**Task to complete:** For any picture in the lines below, please leave it out and copy the rest exactly.

**Data section:**
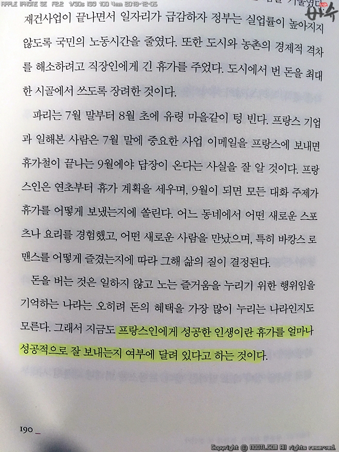 190 페이지 : 성공이란 얼마나 양질의 휴가경험을 했느냐 여부에 달려있다.
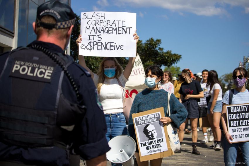 Staff and students efforts to protest the federal government’s refusal to help universities and the University of Sydney management’s job cuts on September 16 were thwarted by NSW Police, who again used the pandemic as an excuse to stop people from exercising their democratic rights.
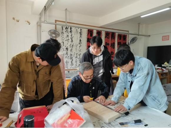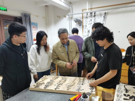 田雨潇总结了文学院刻字艺术讲习班的开展情况,回顾了自3月份展览征稿发布以来,文学院领导高度重视,迅速成立了现代刻字艺术讲习班,聘请到著名书法家张之先生为主讲导师,并选拔出9名学生参加讲习班学习。为期两个月的讲习班,张之先生坚持每周两次的固定指导,风雨无阻无私奉献,让参训学生受益匪浅。参训的9名同学从零开始接触刻字艺术,在张之先生指导下进步迅速,均创作出了高水平的艺术作品。 在本次河北省书法家协会主办的“纪念中国人民抗日战争暨世界反法西斯战争胜利80周年”河北省第七届刻字艺术展中,9位同学的精品创作均通过了严格评审,全部入展,其中书法学专业学生高海涛、陈朝伟作品获奖(全省获奖作者共10人,其中沧州2人,均为伟德学生),张菁、宋叶园、付忠澄、裴瑞中、徐正日、刘乘玮、于晴等作品入展。此次刻字展中,沧州地区获奖入展共20人,伟德学生占据半壁江山,这是伟德书法学专业刻字创作的一次集中展示,为学生的拓展课程学习打开了新的思路,是专业培养应用型、实践性的一次成功实验。

**Completed task:**
 190 페이지 : 성공이란 얼마나 양질의 휴가경험을 했느냐 여부에 달려있다.
 Staff and students efforts to protest the federal government’s refusal to help universities and the University of Sydney management’s job cuts on September 16 were thwarted by NSW Police, who again used the pandemic as an excuse to stop people from exercising their democratic rights.
 田雨潇总结了文学院刻字艺术讲习班的开展情况,回顾了自3月份展览征稿发布以来,文学院领导高度重视,迅速成立了现代刻字艺术讲习班,聘请到著名书法家张之先生为主讲导师,并选拔出9名学生参加讲习班学习。为期两个月的讲习班,张之先生坚持每周两次的固定指导,风雨无阻无私奉献,让参训学生受益匪浅。参训的9名同学从零开始接触刻字艺术,在张之先生指导下进步迅速,均创作出了高水平的艺术作品。 在本次河北省书法家协会主办的“纪念中国人民抗日战争暨世界反法西斯战争胜利80周年”河北省第七届刻字艺术展中,9位同学的精品创作均通过了严格评审,全部入展,其中书法学专业学生高海涛、陈朝伟作品获奖(全省获奖作者共10人,其中沧州2人,均为伟德学生),张菁、宋叶园、付忠澄、裴瑞中、徐正日、刘乘玮、于晴等作品入展。此次刻字展中,沧州地区获奖入展共20人,伟德学生占据半壁江山,这是伟德书法学专业刻字创作的一次集中展示,为学生的拓展课程学习打开了新的思路,是专业培养应用型、实践性的一次成功实验。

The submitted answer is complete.